Jazz festival ends on a creative high
By
Jack Massarik
20 Nov 2006
Altoist-rapper Soweto Kinch, a man on a creative high, topped this international jazz festival on merit last night. He and US trumpeter Abram Wilson shared the closing evening's bill with music from their imposing new Dune albums. Original suites with very different stories, both featured extended small-group improvisation and slick rapstyle narrative.
For some, rap represents 21st-century skiffle (or DIY for performers who can't play an instrument) but Soweto loves it. His suite, A Day in the LIfe of B19, is a reality rap-fest about a Birmingham tower block, with gritty jazz and grainy cameraphone videos on backprojection.

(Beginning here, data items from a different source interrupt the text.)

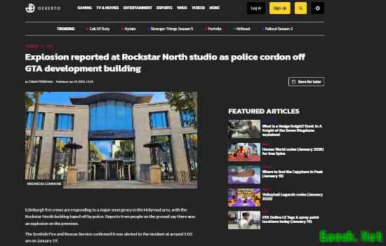 据外媒dexerto报道,爱丁堡消防队正在荷里路德地区应对一起重大紧急事件,Rockstar North大楼已被警方用警戒线封锁。现场人员报告称楼内发生了爆炸。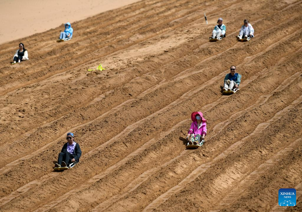Visitors experience sand sliding at the Shapotou scenic spot in Zhongwei, northwest China's Ningxia Hui Autonomous Region, July 20, 2023. Shapotou scenic spot in Zhongwei of northwest China's Ningxia has entered its peak tourism season during the summer vacation, with the largest daily visitor flow reaching over 10,000. (Xinhua/Feng Kaihua)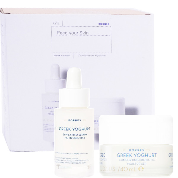 Le Coffret « Feed Your Skin » pas cher de KORRES, 2 soins ultra-hydratant à l’action anti-stress et anti-pollution à base de probiotiques et véritable yogourt grec dans votre parapharmacie ne ligne à prix pas cher, pour protéger et hydrater intensément la peau. Visage Crème Hydratante confort et Sérum Confort Intense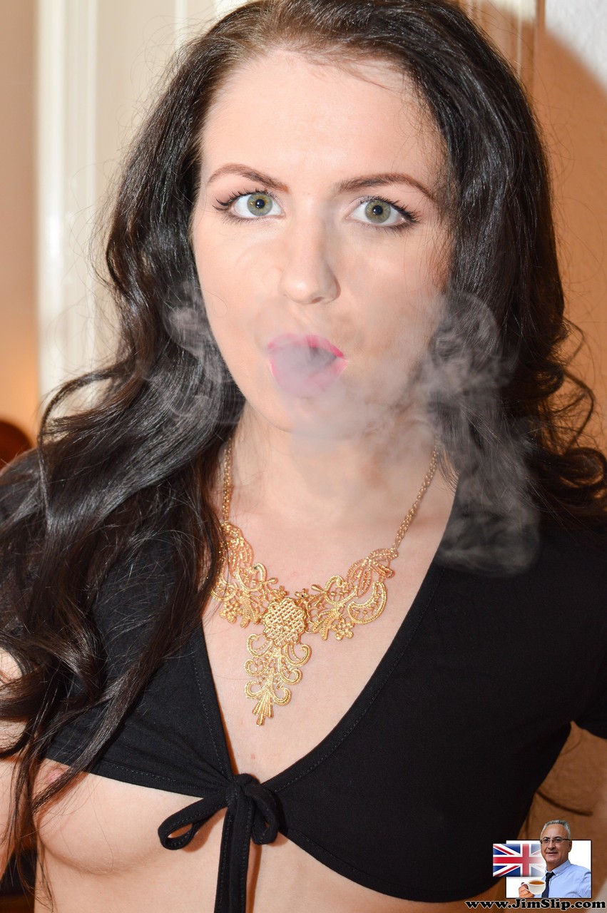 支配的なローラ・エンジェルがコスプレで男性奴隷をペギングしながら喫煙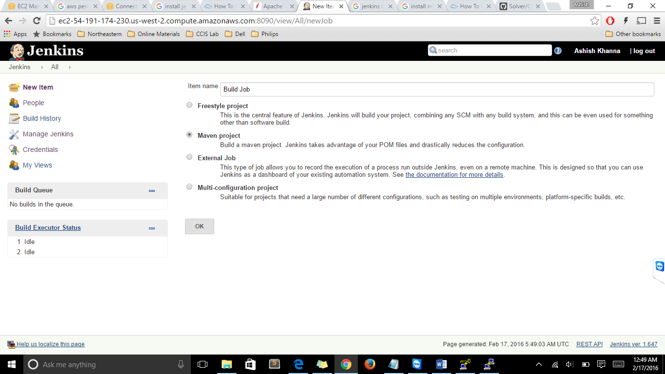 First, to create a new Item, click on New Item. Next, enter a name for the Item Name. Finally, select Maven project. If you want to do something other than Maven, feel free to experiment with other options. Hit OK.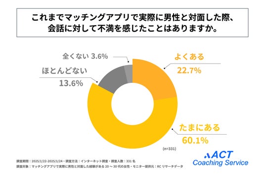 ・20代~30代の女性の8割以上が、マッチングアプリで実際に男性と対面した際、会話に関して不満を感じたことがある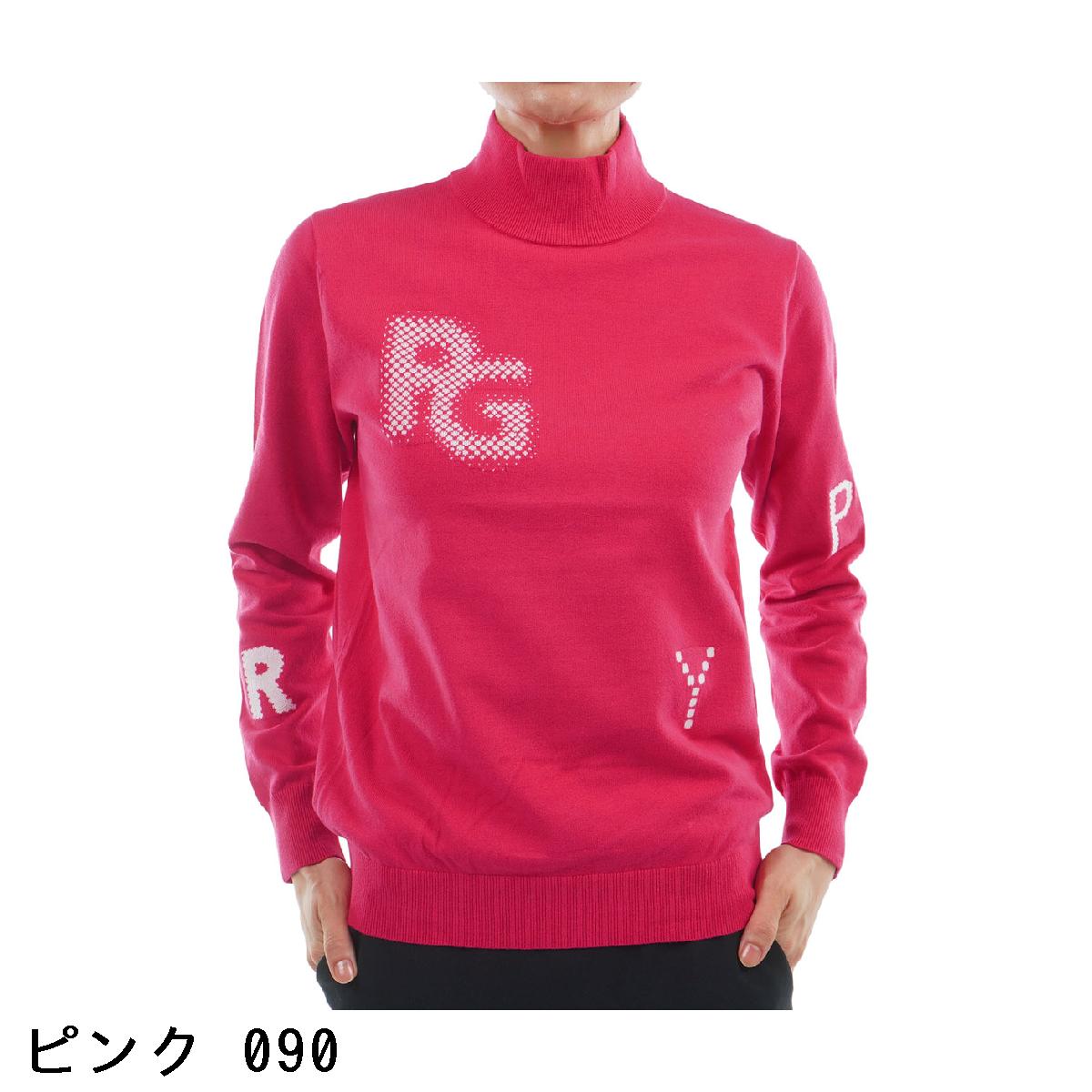 パーリーゲイツ PEARLY GATES 部分ジャカード カシミヤタッチコットン ハイネックセーター レディス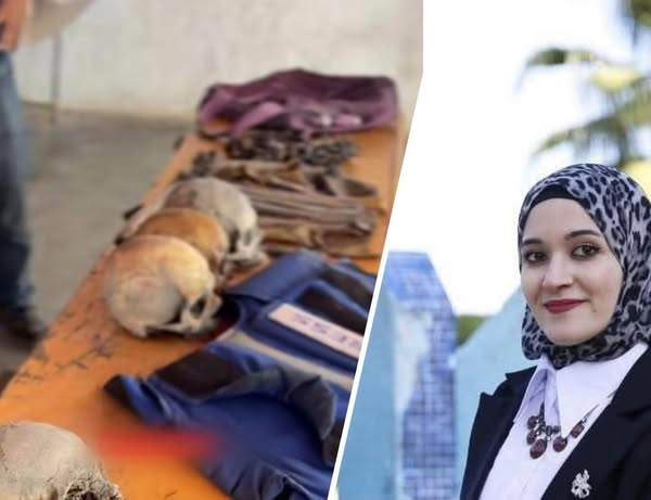 This is #Marwa_Muslim, the brave journalist, who remained buried under the rubble, and when they pulled her out today, they found nothing but a skull and part of her bones. They turned her into a pile of burnt bones.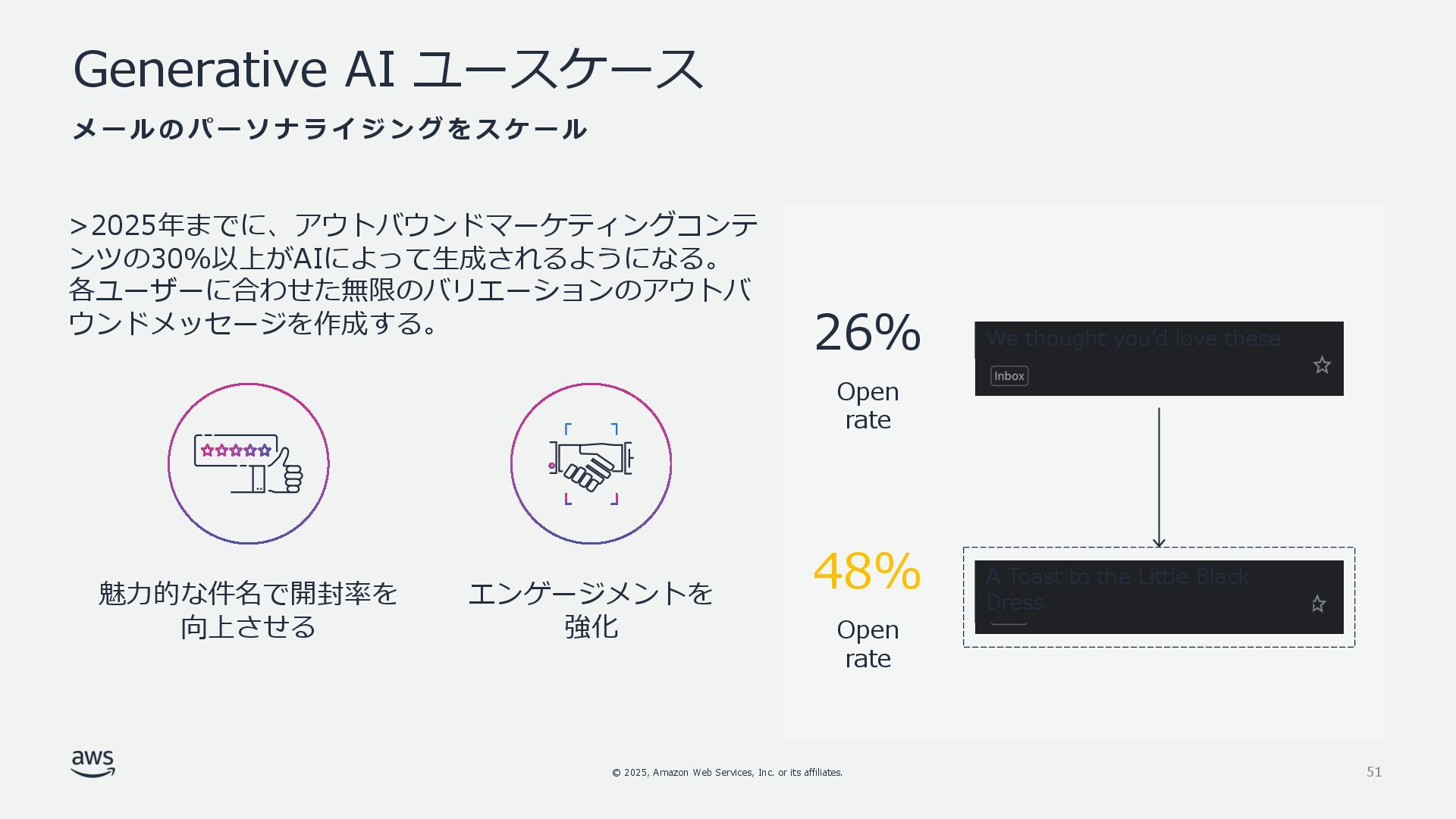 AI ユースケース メ ー ル の パ ー ソ ナ ラ イ ジ ン グ を ス ケ ー ル >2025年までに、アウトバウンドマーケティングコンテ ンツの30%以上がAIによって⽣成されるようになる。 各ユーザーに合わせた無限のバリエーションのアウトバ ウンドメッセージを作成する。 魅⼒的な件名で開封率を 向上させる エンゲージメントを 強化 48% Open rate A Toast to the Little Black Dress 26% Open rate We thought youʼd love these 51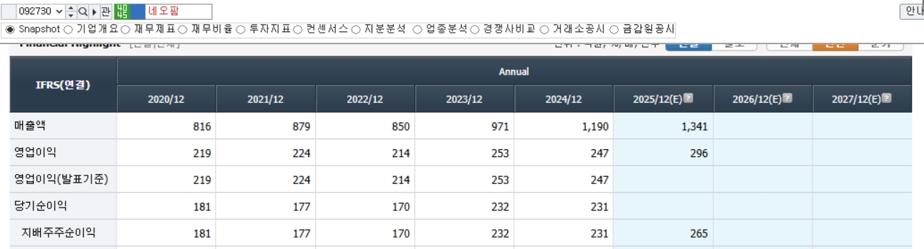 Fnguide 에서는 2025년 네오팜 의 예상 실적을 1341억 / 265억 을 예상을 하고 있다.
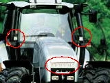 図中○印内、ヨーロッパ製トラクターに必ず付いている。左から、フェント700、ニューホランドTM(旧フォード)、ファーガソン4270、ランボルギーニビクター。当然ヘッドライトとルーフにも作業灯が2−4灯装備。ランボルギーニビクターに至ってはヘッドライトの上に5灯も補助灯を装備しているのd、計11灯!。一体オルタネータの容量(発電量)は如何ほど?ちなみにフェント900系のオルタネータの容量は、14V、144Aつまり2kwもある。言い換えれば2.6馬力のモーター。ほとんど無敵やな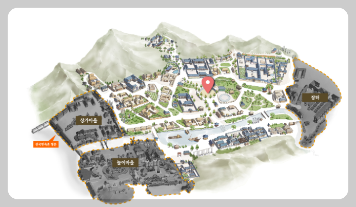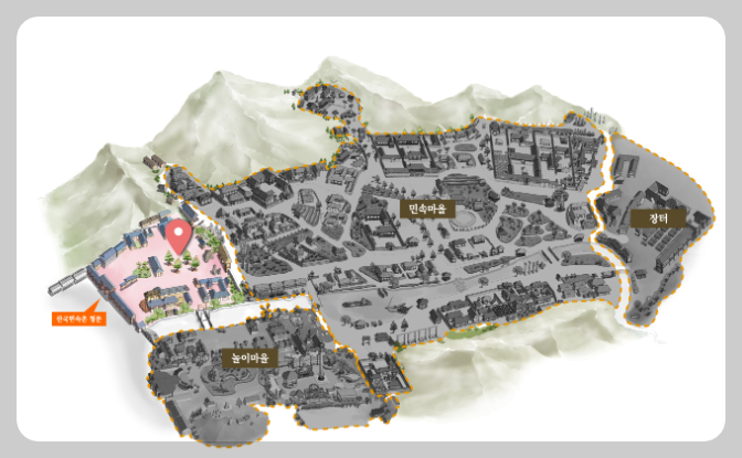 한국민속촌은 1974년 건립된 전통문화 테마 종합관광지로 조선시대 마을 실물 가옥을 복원해 만든 테마파크로 사계절 변화에 따른 생활문화를 재현하고 있습니다. 야외에서는 체험현 전시와 전통방식을 계승한 생활공예, 절기별 세시풍속을 활동을 직접 보면서 전통문화유산 가치를 느낄 수 있는 공간입니다.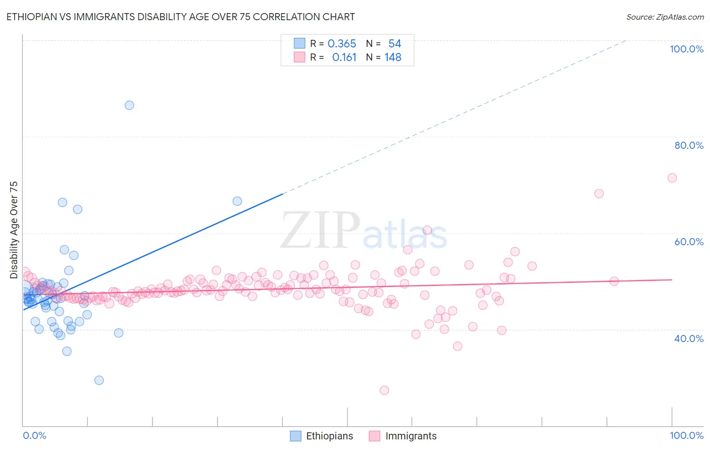 Ethiopian vs Immigrants Disability Age Over 75 Correlation Chart

Between stunning alto-sax solos, he recites jazzy pen-portraits of residents (Adrian the divorced alcoholic, Marcus the money-mad wannabe rap-star) before duelling with male (MC Paradise) and female (Lyra Z) challengers who sauntered out of the audience. Thanks to his thespian pedigree (Soweto's mother is an actress, his father a writer-director) it was an impressive performance.
Wilson's parable, Rise, concerned a New Orleans runaway who joins a wicked band and can't get back home. Interpreted brilliantly by a larger group featuring drummer Rod Youngs, mouthorganist Errol Linton and saxmen Patrick Clahar and Denys Baptiste, it mixed blues with R'n'B and jazz both traditional and hypermodern.
The rap-quotient was not as high as Kinch's, yet this trend looks unstoppable. Not even Take Six, that peerless closeharmony gospel group from Alabama, could resist flirting with hip-hop and booming drum'n'bass at their Barbican show on Friday. Superb performances of I Got Life and Mary Don't You Weep recalled their Eighties peaks, but not before some older fans had fled in dismay.
They should have gone to Saturday's 60th-birthday concert by double-bass maestro Dave Holland. He joined venerable guitarist Jim Hall and trumpeter Kenny Wheeler at the Barbican, where pianist Jason Moran later deputised for ailing vibist Steve Nelson.
The Spitz, meanwhile, was rocking to the Blue Note groove of Killer Shrimp's tenorist Ed Jones and trumpeter Damon Brown. Their steaming drummer Shane Forbes stayed on stage with Andrew McCormack's piano trio. He, alongside Serious and BBC Radio 3 (broadcasting many festival highlights in coming days), were heroes of a gruelling week.
Details are correct at the time of publication - please check with venue before booking.
Reader views (2)
Other heroes of a gruelling week? All the promoters who put in days and nights of work during the festival, at venues which had gigs every night. Spitz, 606, Pizza Express (and the Vortex, where I was). The bedrock of the festival, allowing the rest of a great week to soar away.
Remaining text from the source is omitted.